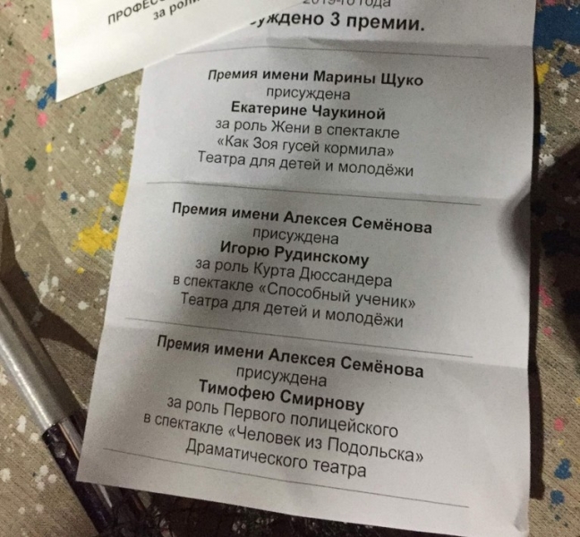 Итак, премия имени Алексея Семенова «За мужскую роль» сегодня вручена актёру Вологодского драматического театра Тимофею Смирнову, который сыграл Первого полицейского в спектакле «Человек из Подольска».
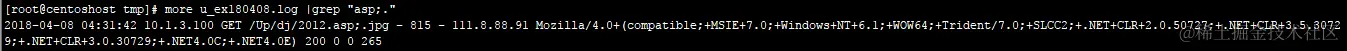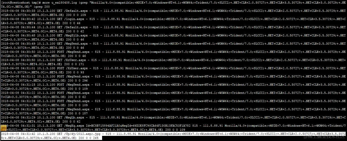 [root@centoshost tmp]# more u_ex180408.log |grep "Mozilla/4.0+(compatible;+MSIE+7.0;+Windows+NT+6.1;+WOW64;+Trident/7.0;+SLCC2;+.NET+CLR+2.0.50727;+.NET+CLR+3.5.30729;+.NET+CLR+3.0.30729;+.NET4.0C;+.NET4.0E)" |grep 200
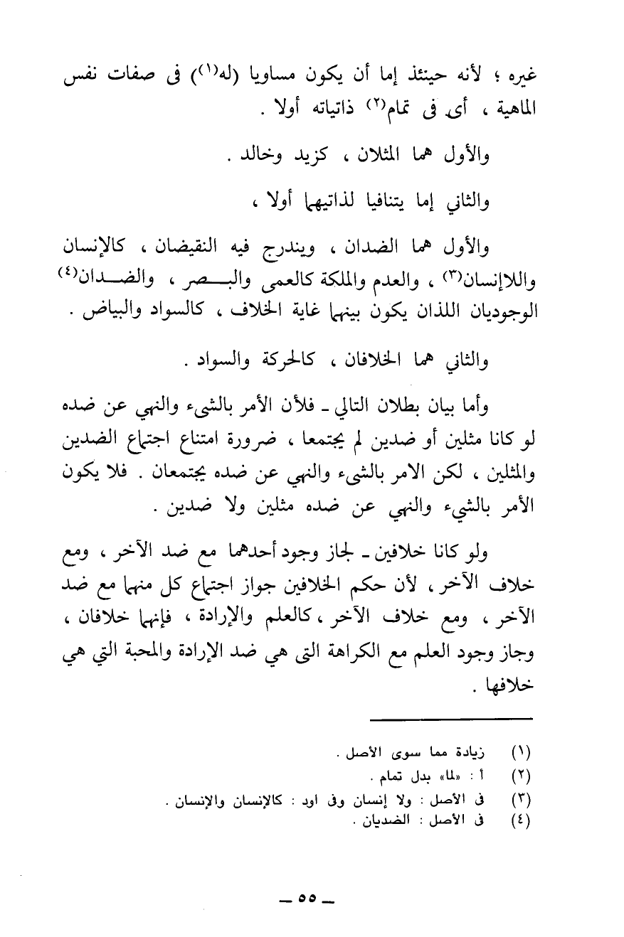 وَالْأَوَّلُ هُمَا الضِّدَّانِ، وَيَنْدَرِجُ فِيهِ النَّقِيضَانِ، كَالْإِنْسَانِ وَاللَّا إِنْسَانِ ; وَالْعَدَمِ وَالْمَلَكَةِ كَالْعَمَى وَالْبَصَرِ، وَالضِّدَّانِ الْوُجُودِيَّانِ اللَّذَانِ يَكُونُ بَيْنَهُمَا غَايَةُ الْخِلَافِ، كَالسَّوَادِ وَالْبَيَاضِ.
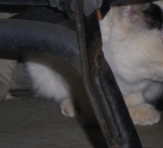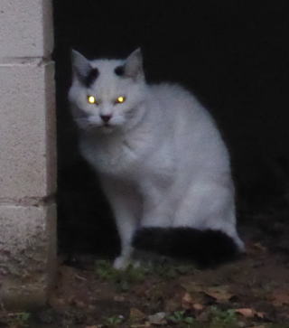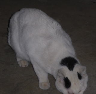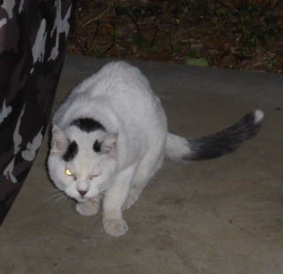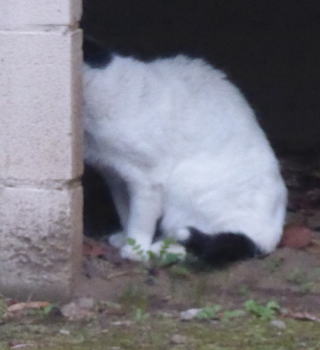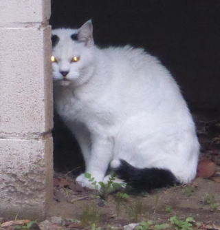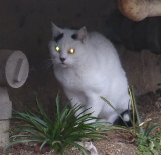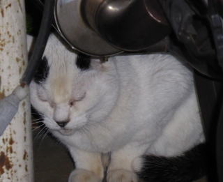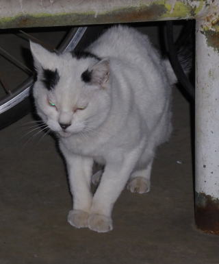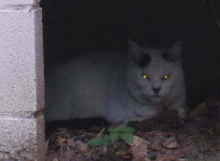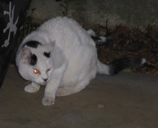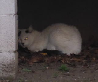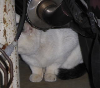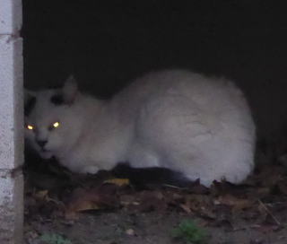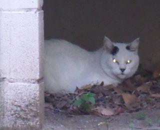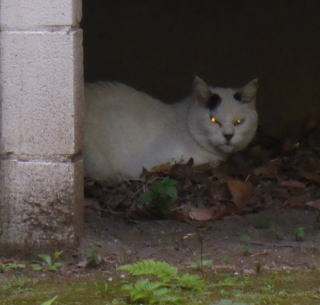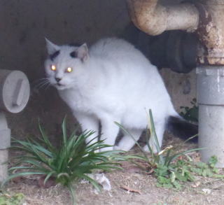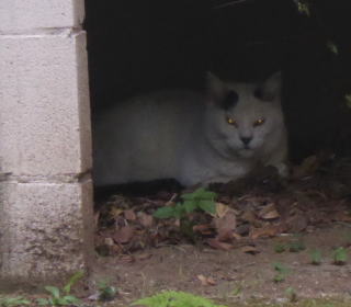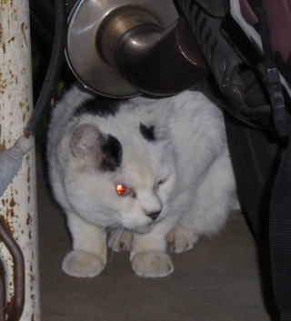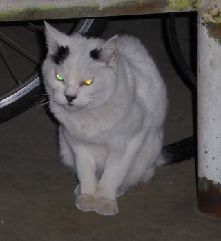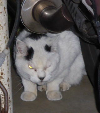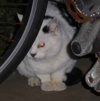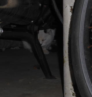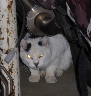 4.昼間は警戒心の強いフーちゃん。夜になってパパと密会する為、自転車小屋に入りました。さらにバイク・カバーに隠れて甘ったれた鳴き声で焼き鰹を催促しました。実際は漆黒の闇の中なのでズーム・アップし過ぎてはみ出してしまいました。
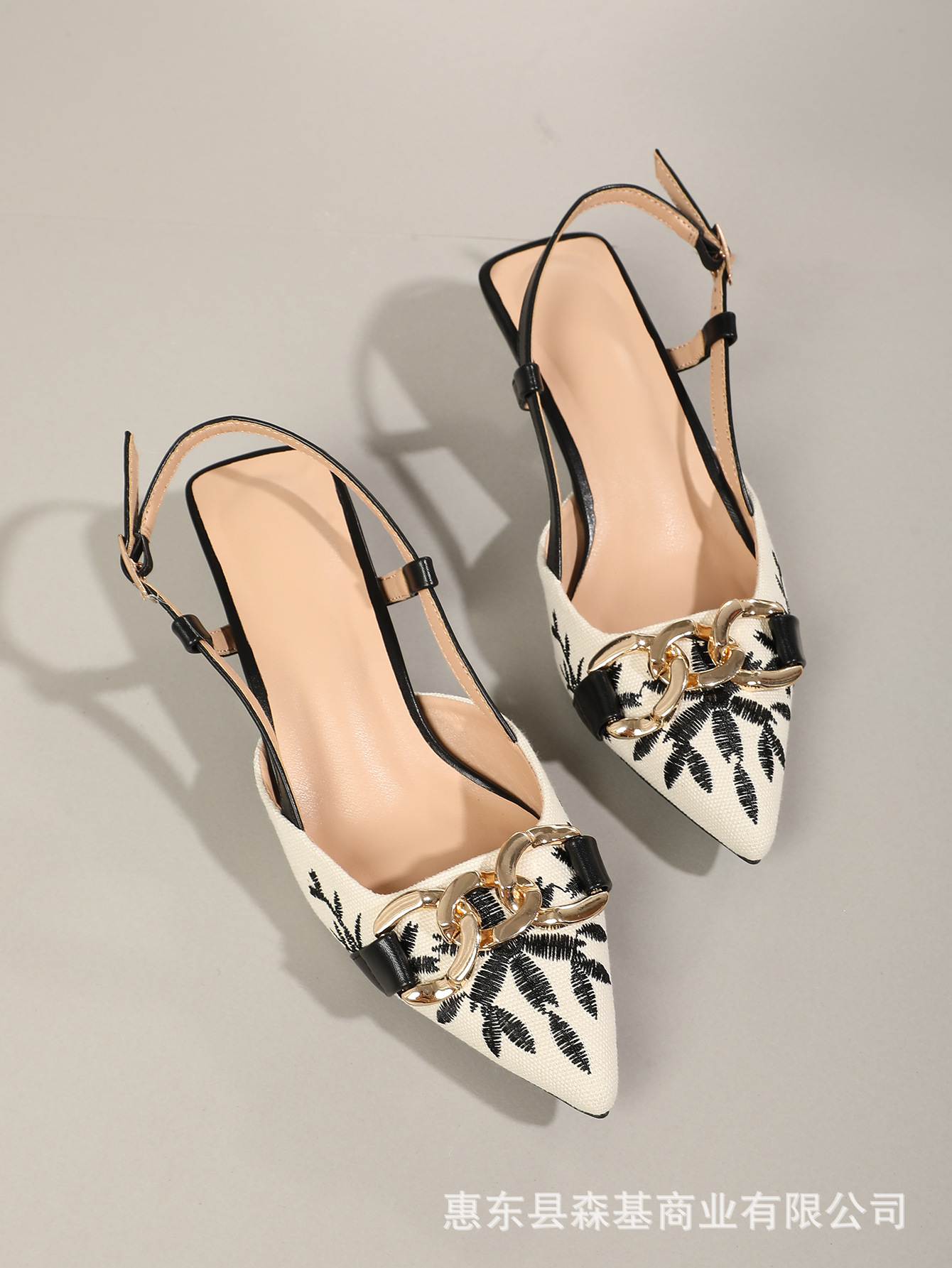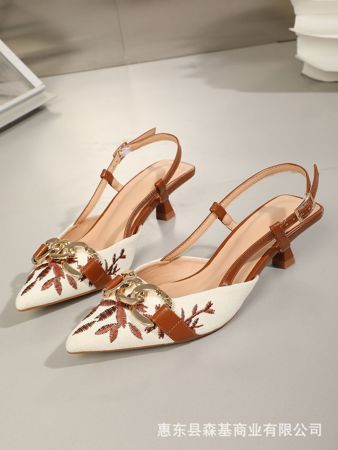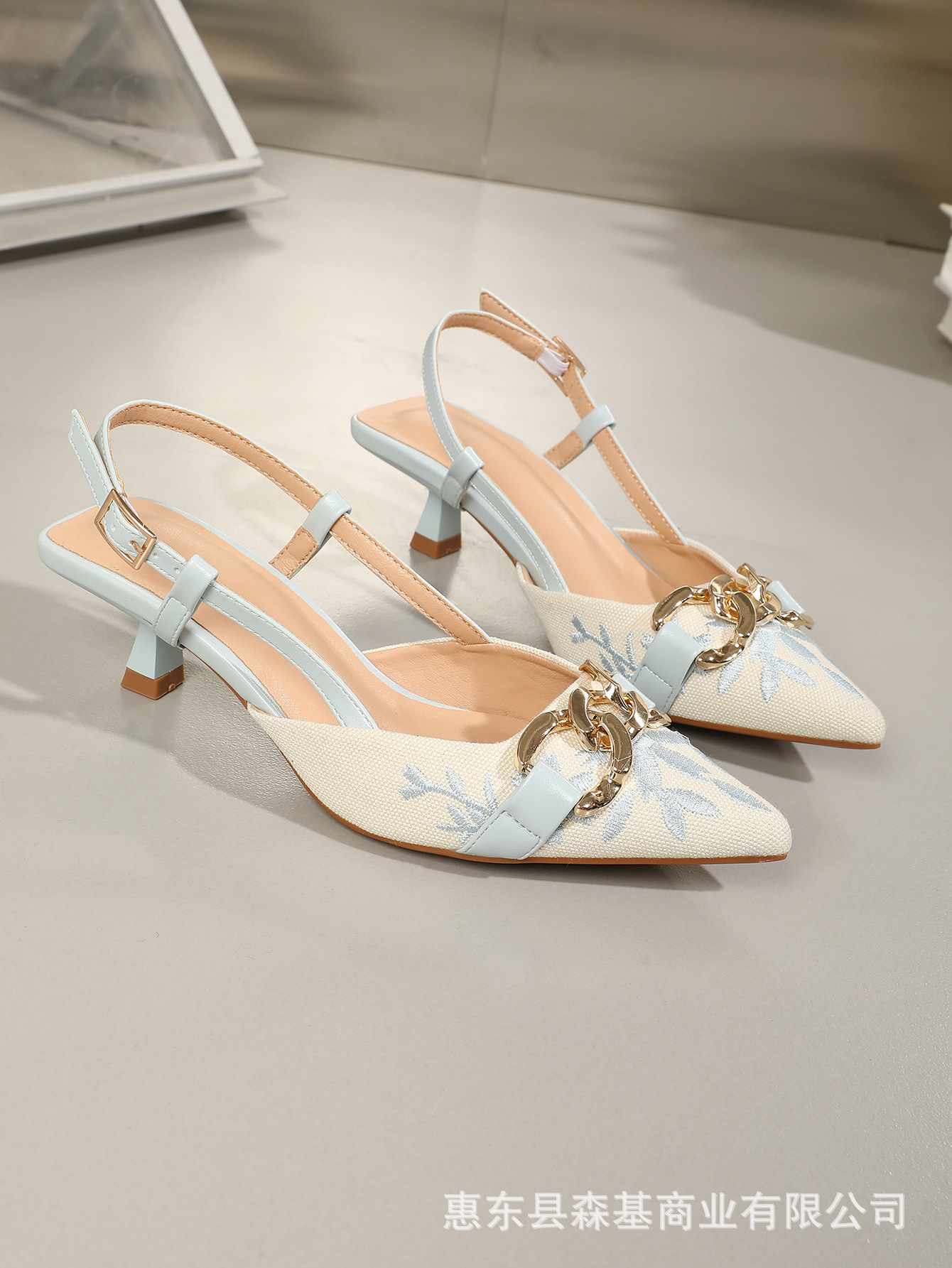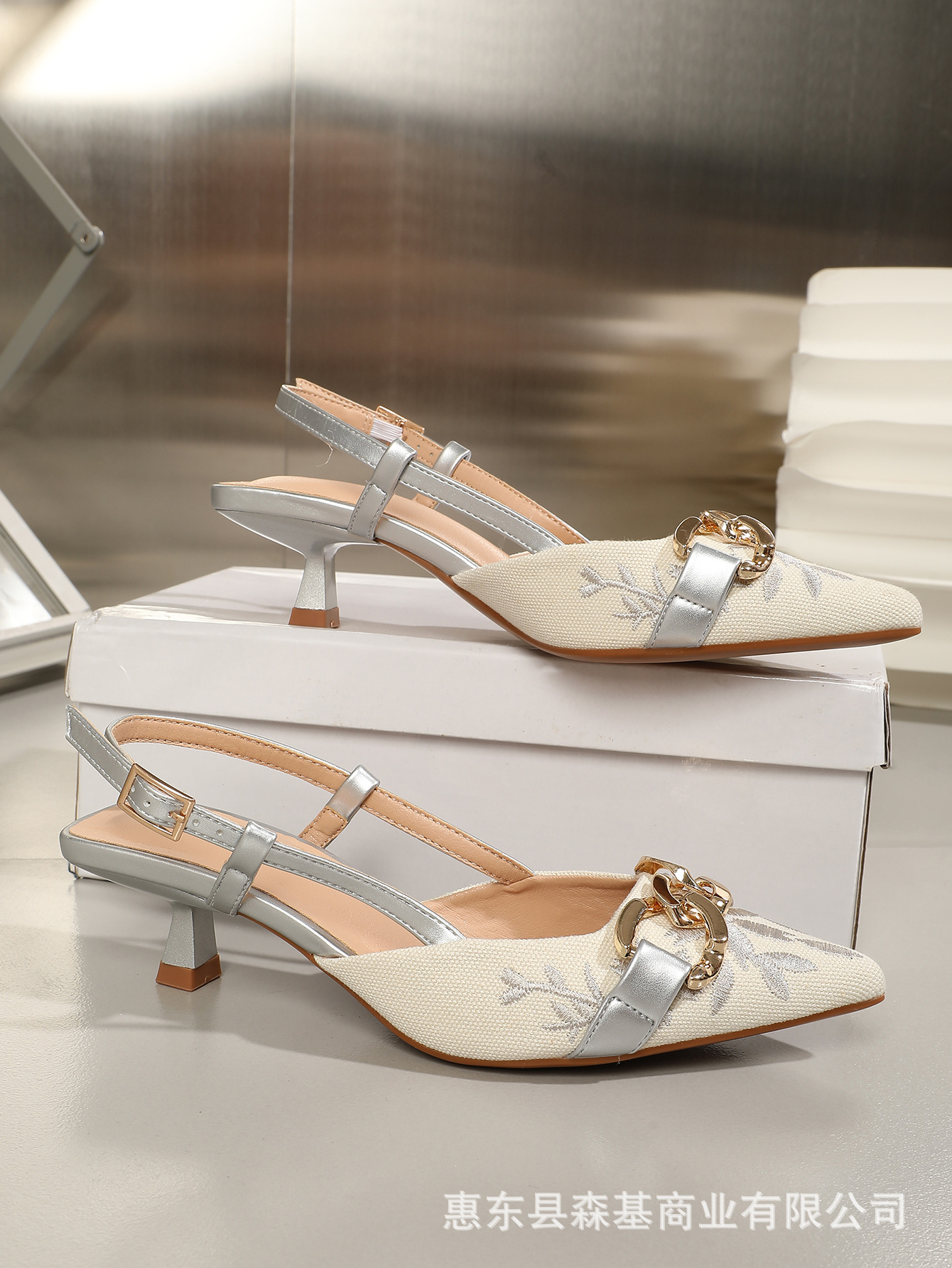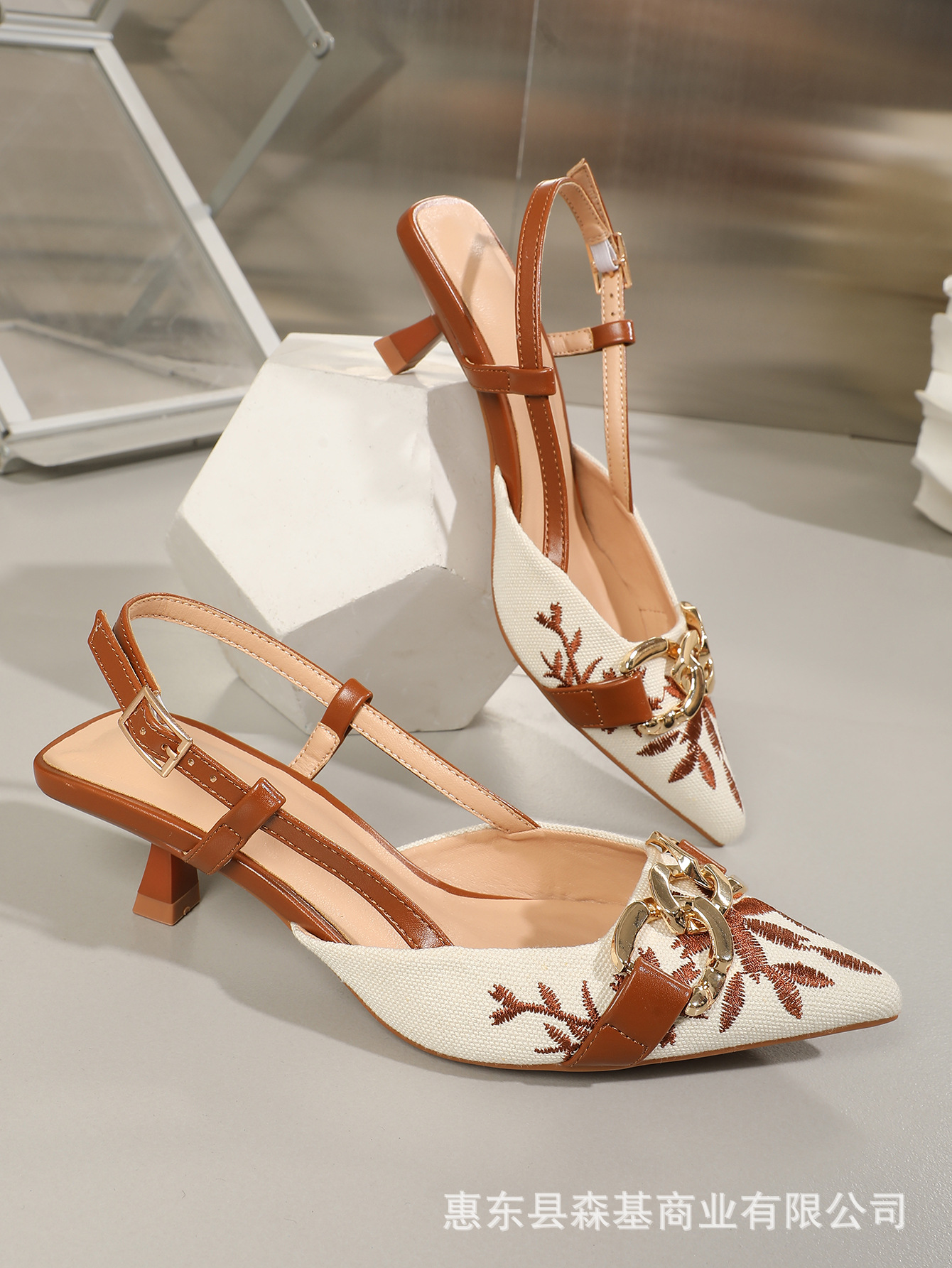유럽과 미국 패션 얇은 뒤꿈치 얕은 입 뒤 중공 깊은 패턴 철 버클 편안한 통근 하이힐 여성용 샌들스토어 가기

=-=-=

→ **To do**
Write all the lines above out again exactly, minus the images.

→ **Task output**
 Итак, премия имени Алексея Семенова «За мужскую роль» сегодня вручена актёру Вологодского драматического театра Тимофею Смирнову, который сыграл Первого полицейского в спектакле «Человек из Подольска».
 [root@centoshost tmp]# more u_ex180408.log |grep "Mozilla/4.0+(compatible;+MSIE+7.0;+Windows+NT+6.1;+WOW64;+Trident/7.0;+SLCC2;+.NET+CLR+2.0.50727;+.NET+CLR+3.5.30729;+.NET+CLR+3.0.30729;+.NET4.0C;+.NET4.0E)" |grep 200
 وَالْأَوَّلُ هُمَا الضِّدَّانِ، وَيَنْدَرِجُ فِيهِ النَّقِيضَانِ، كَالْإِنْسَانِ وَاللَّا إِنْسَانِ ; وَالْعَدَمِ وَالْمَلَكَةِ كَالْعَمَى وَالْبَصَرِ، وَالضِّدَّانِ الْوُجُودِيَّانِ اللَّذَانِ يَكُونُ بَيْنَهُمَا غَايَةُ الْخِلَافِ، كَالسَّوَادِ وَالْبَيَاضِ.
 4.昼間は警戒心の強いフーちゃん。夜になってパパと密会する為、自転車小屋に入りました。さらにバイク・カバーに隠れて甘ったれた鳴き声で焼き鰹を催促しました。実際は漆黒の闇の中なのでズーム・アップし過ぎてはみ出してしまいました。
유럽과 미국 패션 얇은 뒤꿈치 얕은 입 뒤 중공 깊은 패턴 철 버클 편안한 통근 하이힐 여성용 샌들스토어 가기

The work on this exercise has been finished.